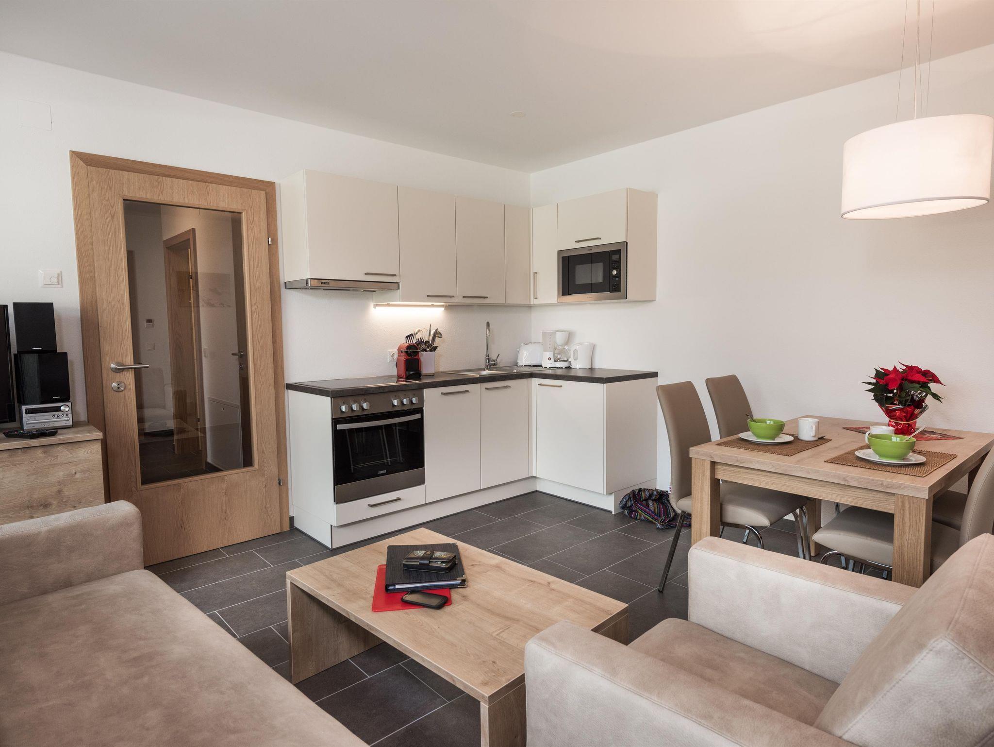 **** Niveau für 2–4 Personen, Wohnraum mit 40 m² im 2. Stock, 1 Schlafzimmer (Doppelbett, Kleiderschrank, Vorraum mit Garderobe, 1 Bad, Hochwertige großzügige Einbauküche (im Wohnbereich integriert, LCD Fernseher, Musikanlage, Kostenloses W-LAN, Balkon oder Terrasse, Bettwäsche und Handtücher inklusive
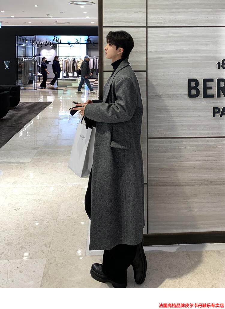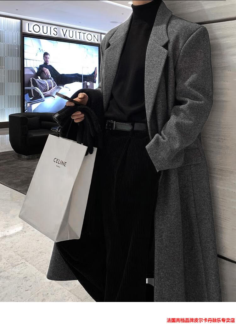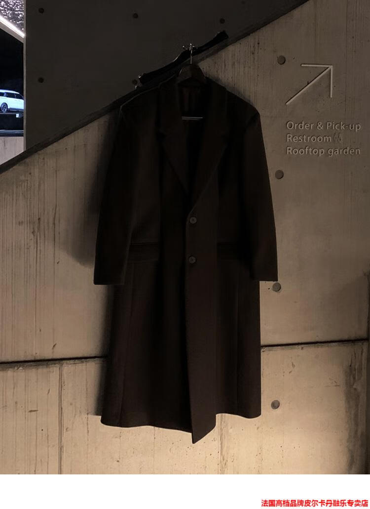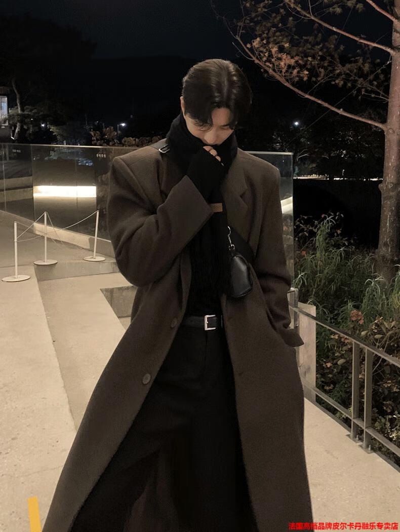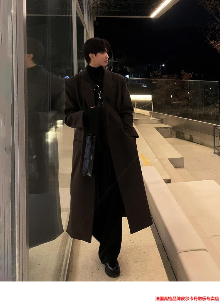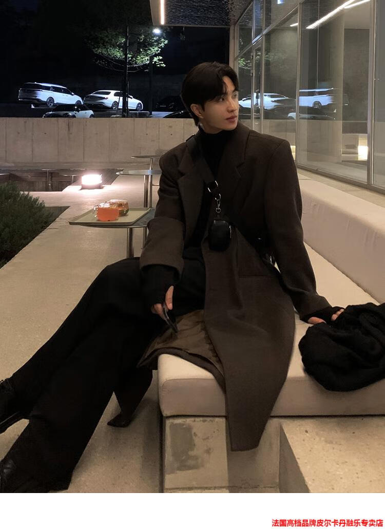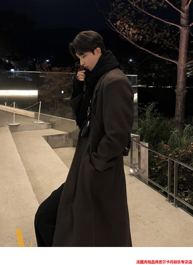 Pierre Cardin Spring and Autumn Korean Maillard Woolen Coat Men's Mid-Length Shoulder-Pad Windbreaker Over-the-Knee Loose Woolen Coat Brown (Single Lined) M
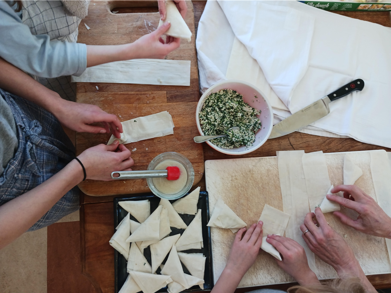 Heather Wolfe has an Advent tradition with her family of folding food and faith together into spanakopita “prayer packages.” — Heather Wolfe
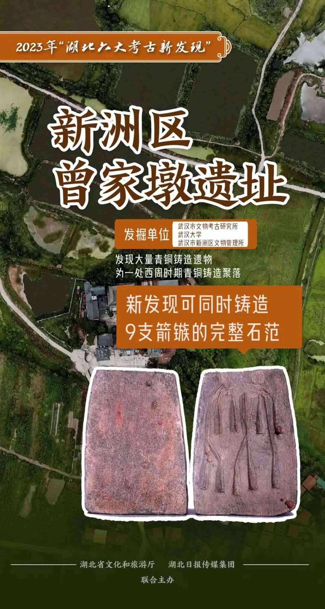 繼武漢黃陂盤龍城遺址小嘴遺址點(diǎn)、郭元咀遺址發(fā)現(xiàn)商代鑄銅遺存后,考古工作者在新洲曾家墩遺址新發(fā)現(xiàn)西周時(shí)期青銅鑄造遺存。遺址出土一塊用于鑄造青銅箭鏃的石范(即鑄造青銅器的石質(zhì)模具),保存完好,其完整程度在此前湖北地區(qū)考古中未曾發(fā)現(xiàn)。這塊石范可同時(shí)鑄造9支青銅箭鏃,具有相當(dāng)高的工藝水平。

------------------------------------------------------------------------

» PROBLEM DETAILS: Drop the pictures, then transcribe the lines from the one containing "Pierre Cardin Spring" to the end of the data above, exactly and nothing more.

» SOLUTION BELOW:
 Pierre Cardin Spring and Autumn Korean Maillard Woolen Coat Men's Mid-Length Shoulder-Pad Windbreaker Over-the-Knee Loose Woolen Coat Brown (Single Lined) M
 Heather Wolfe has an Advent tradition with her family of folding food and faith together into spanakopita “prayer packages.” — Heather Wolfe
 繼武漢黃陂盤龍城遺址小嘴遺址點(diǎn)、郭元咀遺址發(fā)現(xiàn)商代鑄銅遺存后,考古工作者在新洲曾家墩遺址新發(fā)現(xiàn)西周時(shí)期青銅鑄造遺存。遺址出土一塊用于鑄造青銅箭鏃的石范(即鑄造青銅器的石質(zhì)模具),保存完好,其完整程度在此前湖北地區(qū)考古中未曾發(fā)現(xiàn)。這塊石范可同時(shí)鑄造9支青銅箭鏃,具有相當(dāng)高的工藝水平。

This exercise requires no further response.